Every line from the one holding "之后就收拾行李,出发去福建了" through the one holding "Функциональная планировка включает" in the data below must be returned exactly, both ends included, with pictures left out and nothing else added.

======== DATA SHOWN

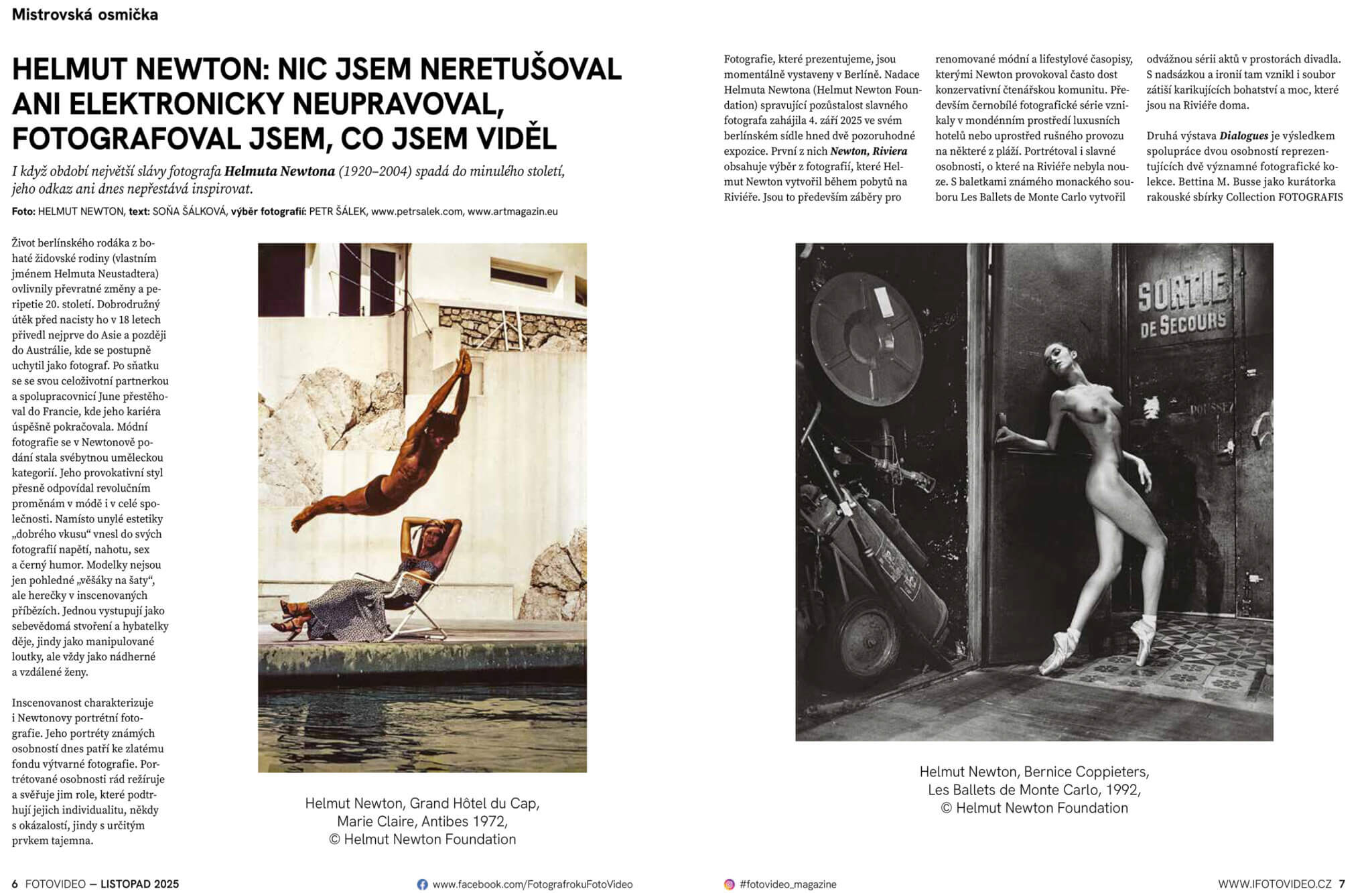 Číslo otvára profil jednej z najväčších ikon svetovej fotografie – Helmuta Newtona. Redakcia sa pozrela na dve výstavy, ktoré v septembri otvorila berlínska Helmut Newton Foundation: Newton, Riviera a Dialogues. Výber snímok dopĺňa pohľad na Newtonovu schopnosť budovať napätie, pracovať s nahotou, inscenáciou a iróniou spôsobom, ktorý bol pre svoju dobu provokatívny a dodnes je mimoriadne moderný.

================
======== DATA SHOWN

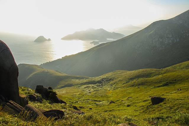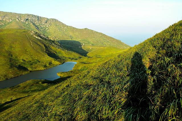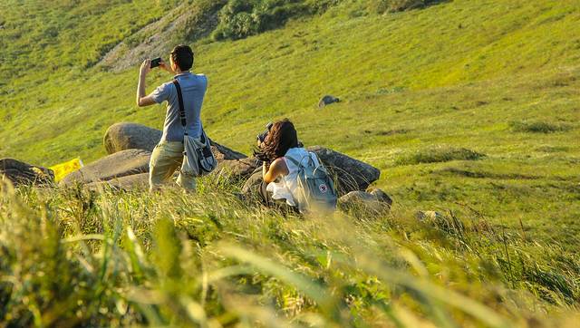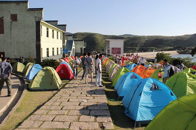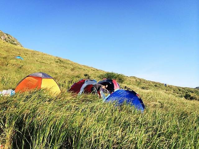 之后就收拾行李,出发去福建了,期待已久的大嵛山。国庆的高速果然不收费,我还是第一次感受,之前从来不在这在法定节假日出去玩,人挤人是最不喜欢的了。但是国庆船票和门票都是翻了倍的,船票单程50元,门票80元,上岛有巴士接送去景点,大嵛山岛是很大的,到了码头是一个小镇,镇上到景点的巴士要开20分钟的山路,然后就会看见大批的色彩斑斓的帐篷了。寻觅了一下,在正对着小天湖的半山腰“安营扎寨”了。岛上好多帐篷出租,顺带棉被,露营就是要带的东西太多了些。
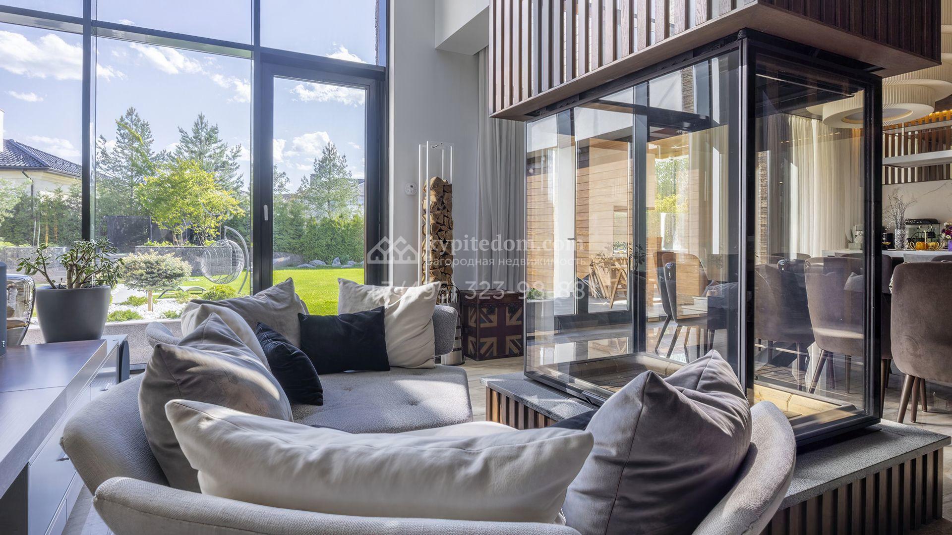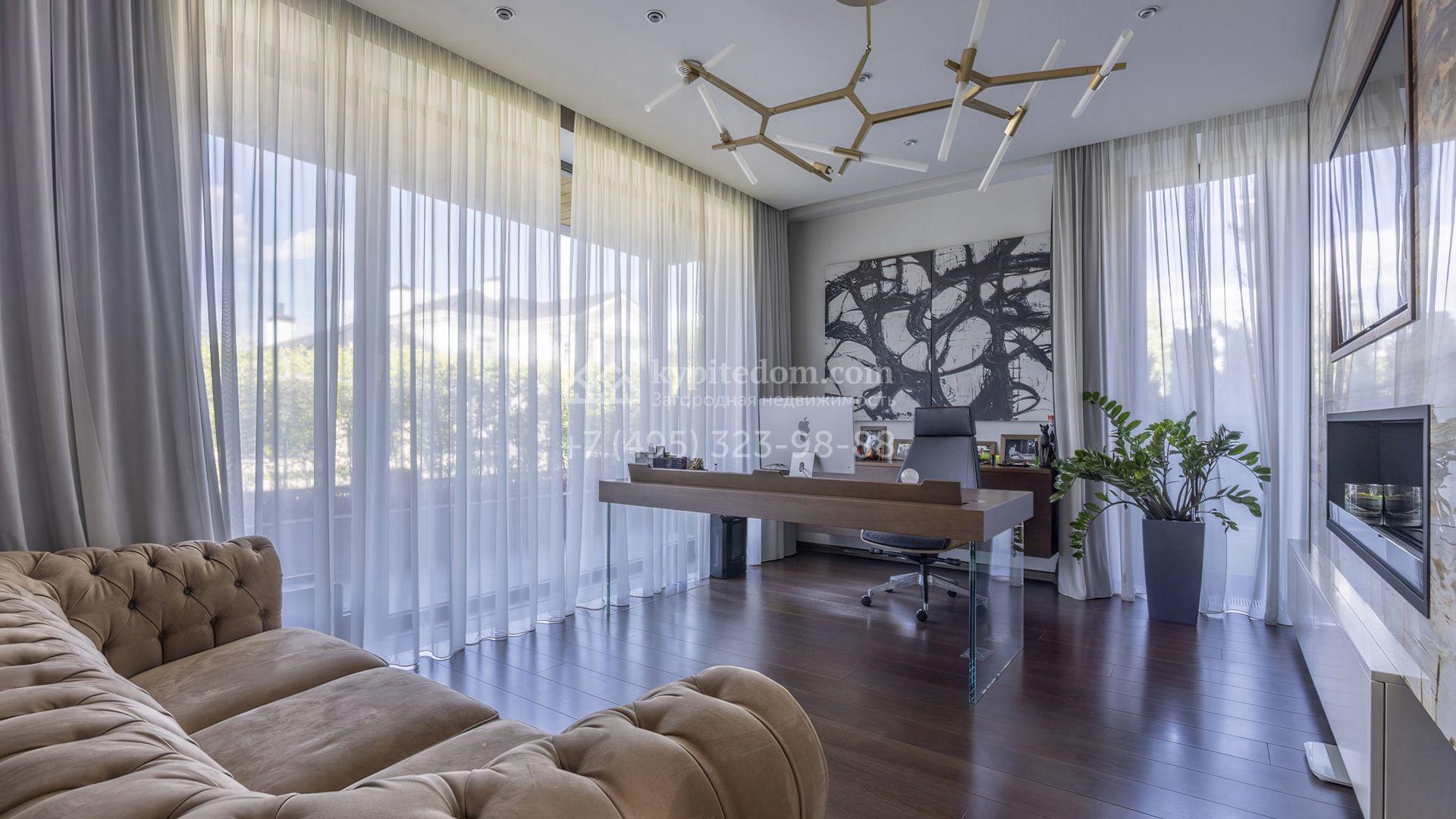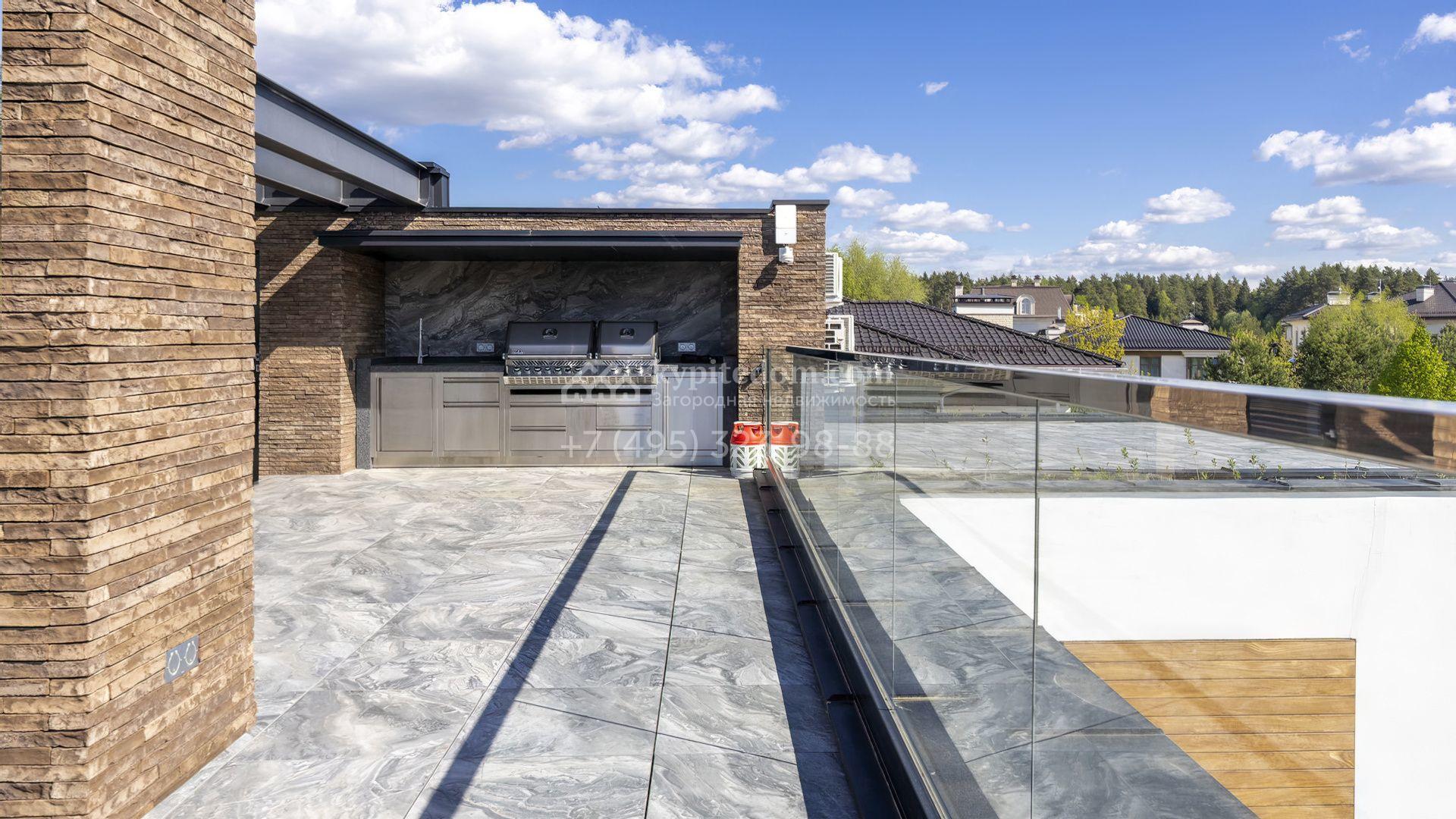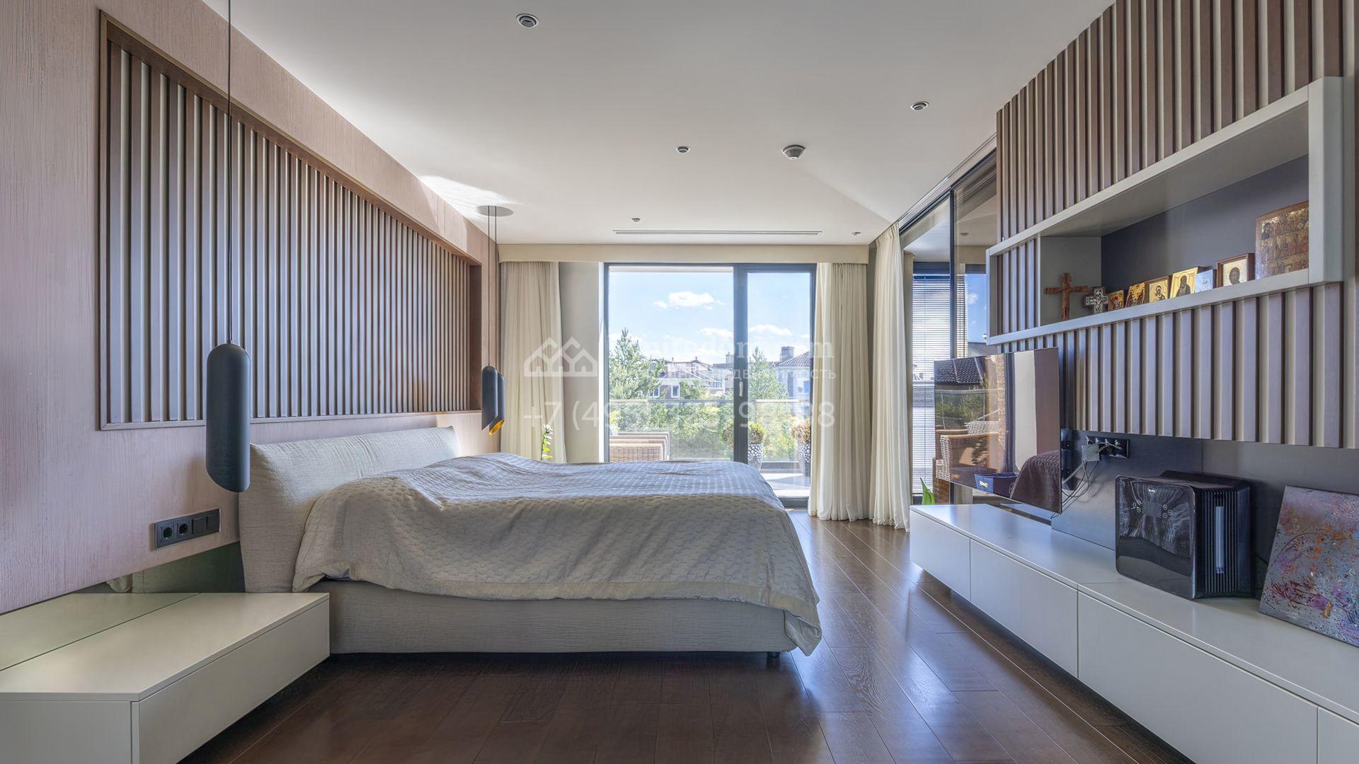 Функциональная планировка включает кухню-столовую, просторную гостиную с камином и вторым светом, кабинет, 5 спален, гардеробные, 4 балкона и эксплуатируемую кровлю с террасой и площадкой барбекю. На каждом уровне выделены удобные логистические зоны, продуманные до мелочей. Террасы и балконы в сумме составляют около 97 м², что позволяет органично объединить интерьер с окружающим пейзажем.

================
======== DATA SHOWN

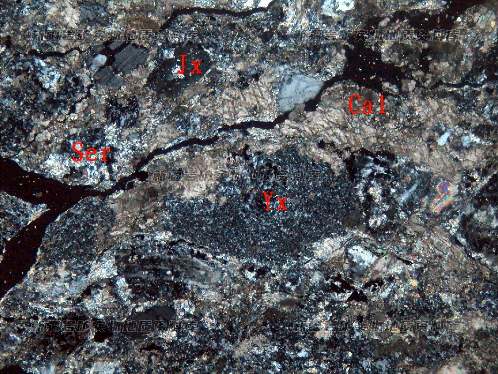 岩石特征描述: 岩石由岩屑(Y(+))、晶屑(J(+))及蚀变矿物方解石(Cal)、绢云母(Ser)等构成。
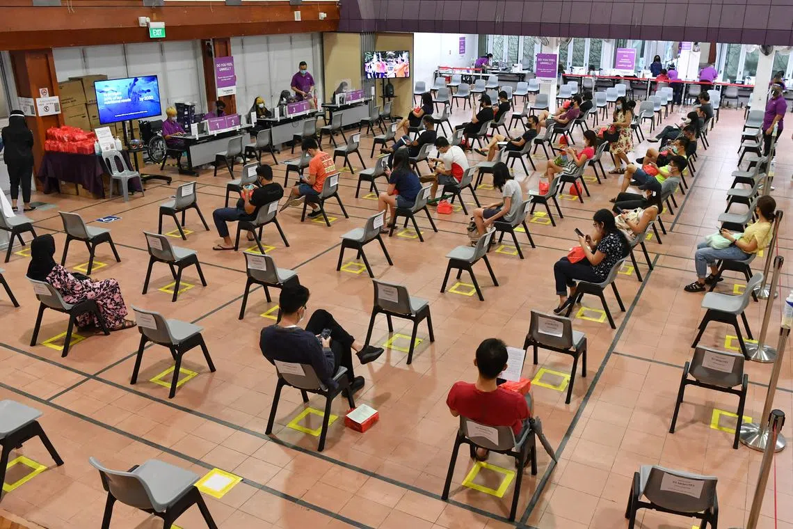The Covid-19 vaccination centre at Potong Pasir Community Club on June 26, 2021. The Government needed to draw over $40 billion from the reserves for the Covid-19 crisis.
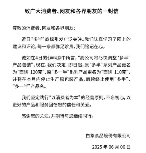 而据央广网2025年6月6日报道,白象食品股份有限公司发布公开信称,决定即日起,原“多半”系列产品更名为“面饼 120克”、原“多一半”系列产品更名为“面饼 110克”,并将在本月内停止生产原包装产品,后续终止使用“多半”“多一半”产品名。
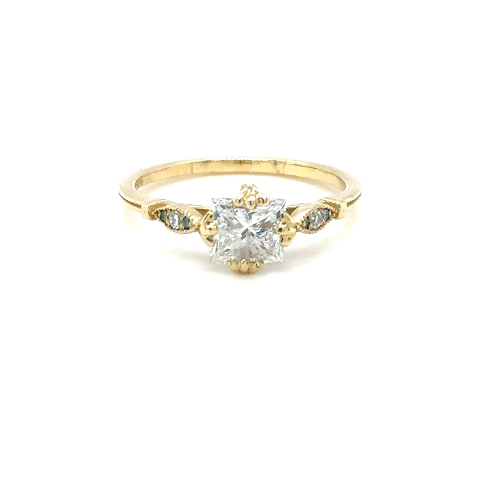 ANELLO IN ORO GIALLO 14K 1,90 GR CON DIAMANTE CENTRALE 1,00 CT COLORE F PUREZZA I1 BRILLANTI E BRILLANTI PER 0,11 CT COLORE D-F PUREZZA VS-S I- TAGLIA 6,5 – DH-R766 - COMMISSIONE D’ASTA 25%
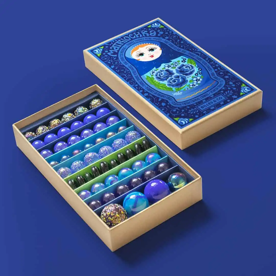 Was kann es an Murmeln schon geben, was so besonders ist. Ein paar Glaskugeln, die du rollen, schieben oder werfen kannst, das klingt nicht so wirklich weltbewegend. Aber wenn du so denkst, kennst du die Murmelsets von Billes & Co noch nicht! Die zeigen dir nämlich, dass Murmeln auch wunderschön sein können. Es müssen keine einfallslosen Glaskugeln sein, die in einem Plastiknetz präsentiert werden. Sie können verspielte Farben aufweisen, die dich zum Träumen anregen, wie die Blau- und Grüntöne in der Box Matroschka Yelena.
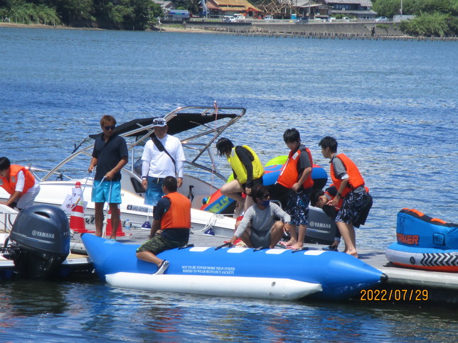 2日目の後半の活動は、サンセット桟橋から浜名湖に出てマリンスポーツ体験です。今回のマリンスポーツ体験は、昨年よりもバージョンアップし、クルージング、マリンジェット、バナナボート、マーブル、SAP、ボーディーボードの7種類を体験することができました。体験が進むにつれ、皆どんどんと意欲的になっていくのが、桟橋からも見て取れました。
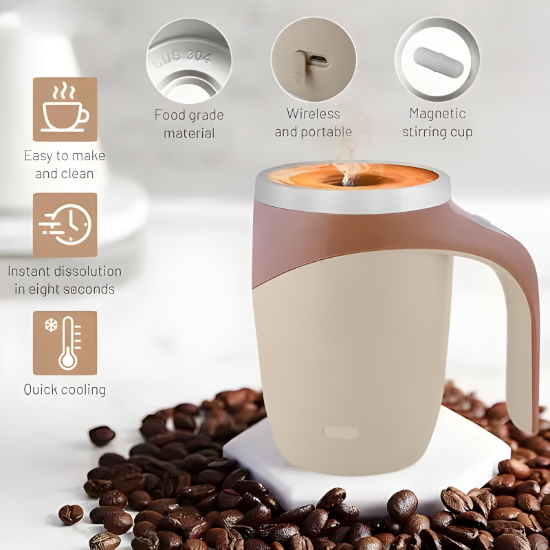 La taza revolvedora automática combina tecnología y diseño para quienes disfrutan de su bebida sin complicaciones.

================

• _THE ANSWER_:
 之后就收拾行李,出发去福建了,期待已久的大嵛山。国庆的高速果然不收费,我还是第一次感受,之前从来不在这在法定节假日出去玩,人挤人是最不喜欢的了。但是国庆船票和门票都是翻了倍的,船票单程50元,门票80元,上岛有巴士接送去景点,大嵛山岛是很大的,到了码头是一个小镇,镇上到景点的巴士要开20分钟的山路,然后就会看见大批的色彩斑斓的帐篷了。寻觅了一下,在正对着小天湖的半山腰“安营扎寨”了。岛上好多帐篷出租,顺带棉被,露营就是要带的东西太多了些。
 Функциональная планировка включает кухню-столовую, просторную гостиную с камином и вторым светом, кабинет, 5 спален, гардеробные, 4 балкона и эксплуатируемую кровлю с террасой и площадкой барбекю. На каждом уровне выделены удобные логистические зоны, продуманные до мелочей. Террасы и балконы в сумме составляют около 97 м², что позволяет органично объединить интерьер с окружающим пейзажем.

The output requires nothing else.